## [Given material]
++++++++++++++++++++

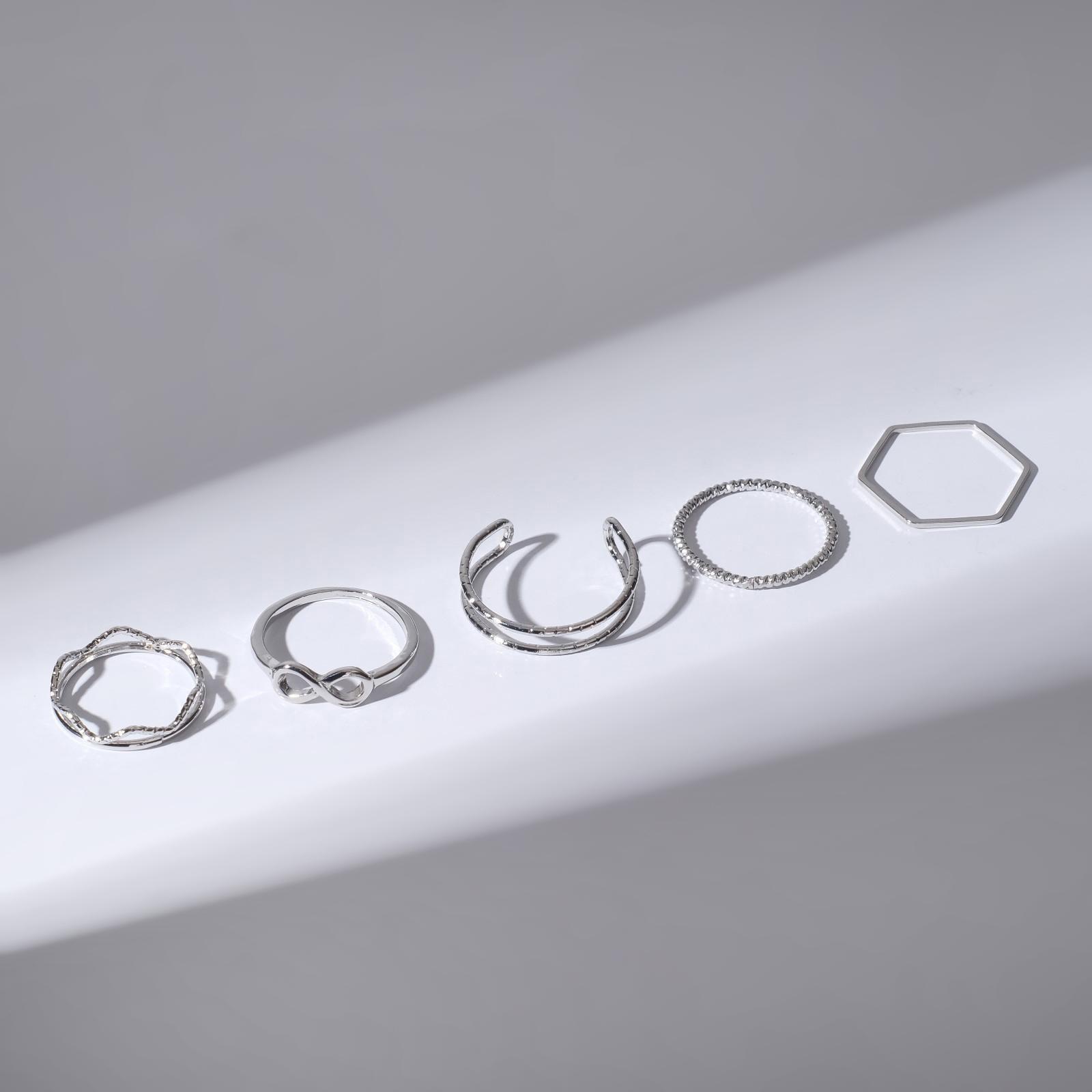 Кольцо набор 5 штук "Идеальные пальчики" тонкость, цвет серебро
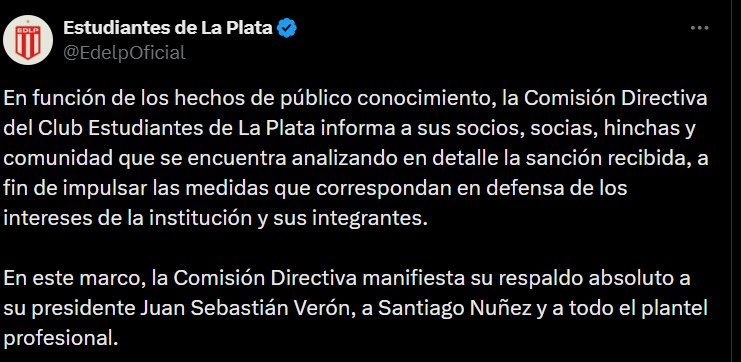 “En función de los hechos de público conocimiento, la Comisión Directiva del Club Estudiantes de La Plata informa a sus socios, socias, hinchas y comunidad que se encuentra analizando en detalle la sanción recibida, a fin de impulsar las medidas que correspondan en defensa de los intereses de la institución y sus integrantes. En este marco, la Comisión Directiva manifiesta su respaldo absoluto a su presidente Juan Sebastián Verón, a Santiago Nuñez y a todo el plantel profesional”, dice el comunicado del Pincha.
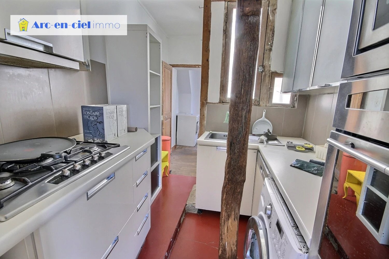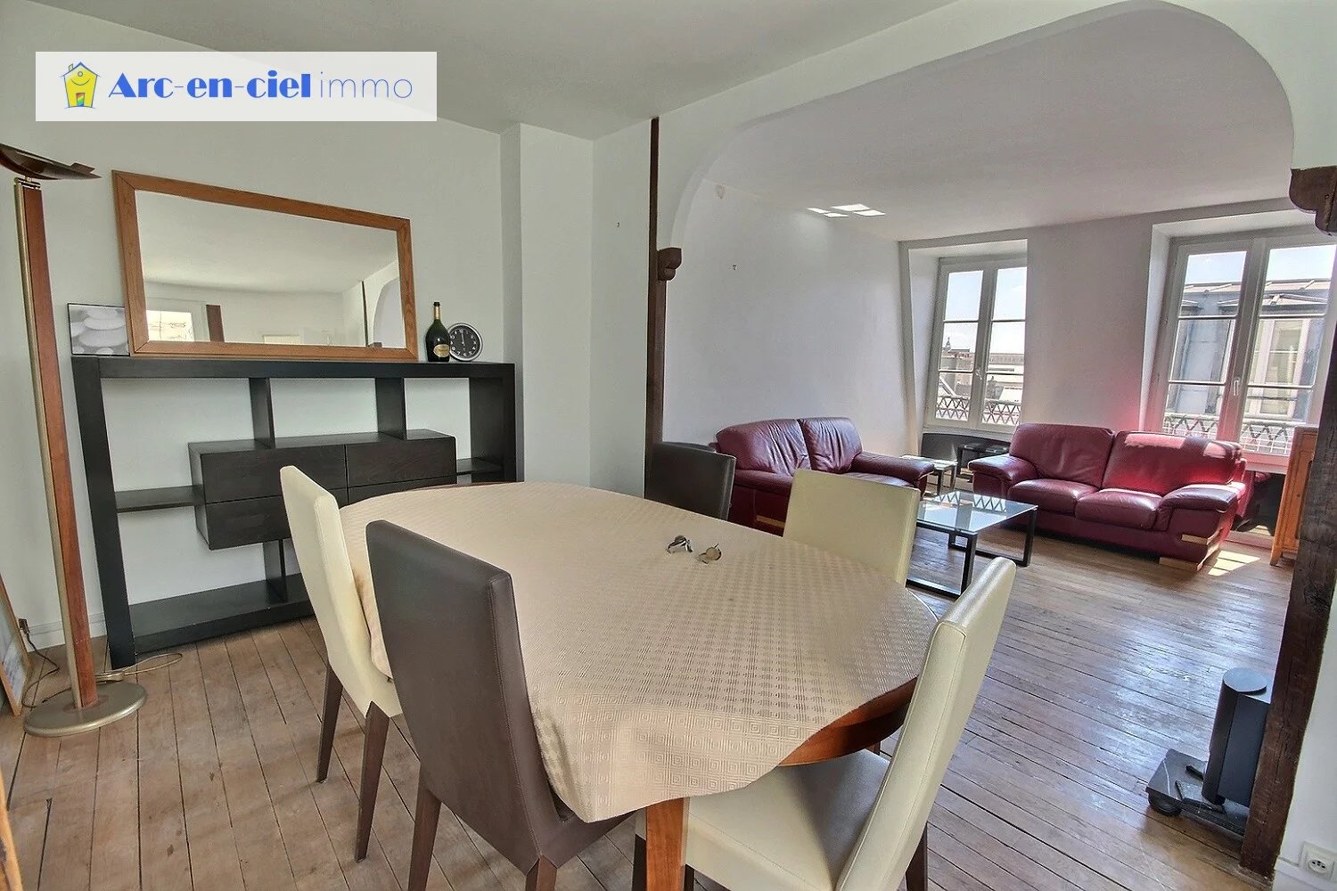 Place Dauphine. Immeuble XVII ème siècle réhabilité. Appartement en duplex au 3ème et 4ème étage avec ascenseur comprenant: au 3ème étage; grand salon et salle à manger. Cuisine équipée. wc, buanderie. Au 4ème étage, 2 chambres avec rangeme ...

++++++++++++++++++++

## [Work item]
Reproduce the listing verbatim, and keep the pictures out of the copy.

## [Answer section]
 Кольцо набор 5 штук "Идеальные пальчики" тонкость, цвет серебро
 “En función de los hechos de público conocimiento, la Comisión Directiva del Club Estudiantes de La Plata informa a sus socios, socias, hinchas y comunidad que se encuentra analizando en detalle la sanción recibida, a fin de impulsar las medidas que correspondan en defensa de los intereses de la institución y sus integrantes. En este marco, la Comisión Directiva manifiesta su respaldo absoluto a su presidente Juan Sebastián Verón, a Santiago Nuñez y a todo el plantel profesional”, dice el comunicado del Pincha.
 Place Dauphine. Immeuble XVII ème siècle réhabilité. Appartement en duplex au 3ème et 4ème étage avec ascenseur comprenant: au 3ème étage; grand salon et salle à manger. Cuisine équipée. wc, buanderie. Au 4ème étage, 2 chambres avec rangeme ...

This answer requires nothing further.